*What you will do:* Print out the entries from the line containing "Kowtow T-Shirt Dress" through the last line, exactly, and print nothing else. Pictures are not copied.

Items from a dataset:
——
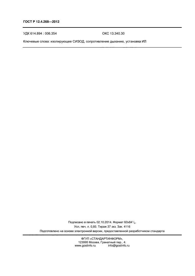| Обозначение: | ГОСТ Р 12.4.268-2012 |
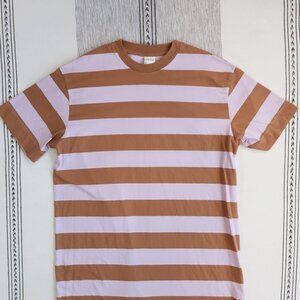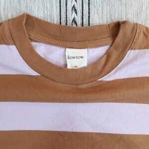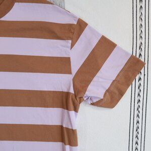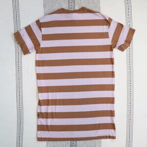 Kowtow T-Shirt Dress in a women's XS. Made from a soft and comfy 100% organic cotton, this has an oversized fit, and is in the Lilac/Earth Stripe color. Clean, and in excellent preowned condition.
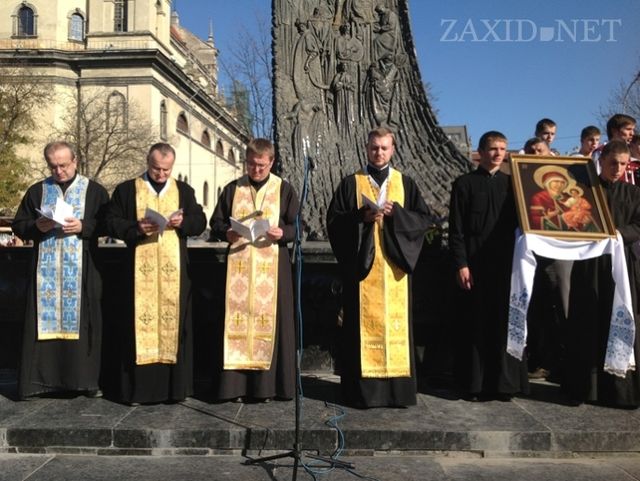 В восересенье в центре Львова, на площади возле памятника Тарасу Шевченко, состоялся экуменический молебен За честные выборы, в котором приняли участие священники разных конфессий, представители львовских ячеек политических партий и общественных организаций, мэр Львова Андрей Садовый, депутаты горсовета, кандидаты в народные депутаты Украины и обычные жители города.
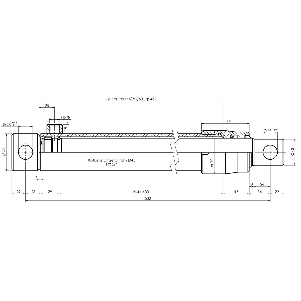 Einfachwirkender Hydraulikzylinder, Hub 400mm, Druckkraft 31,8kN
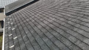 屋根全体に色あせや黒ずみが見られ、防水性能が落ちている状態です。
——
*Task solution:*
 Kowtow T-Shirt Dress in a women's XS. Made from a soft and comfy 100% organic cotton, this has an oversized fit, and is in the Lilac/Earth Stripe color. Clean, and in excellent preowned condition.
 В восересенье в центре Львова, на площади возле памятника Тарасу Шевченко, состоялся экуменический молебен За честные выборы, в котором приняли участие священники разных конфессий, представители львовских ячеек политических партий и общественных организаций, мэр Львова Андрей Садовый, депутаты горсовета, кандидаты в народные депутаты Украины и обычные жители города.
 Einfachwirkender Hydraulikzylinder, Hub 400mm, Druckkraft 31,8kN
 屋根全体に色あせや黒ずみが見られ、防水性能が落ちている状態です。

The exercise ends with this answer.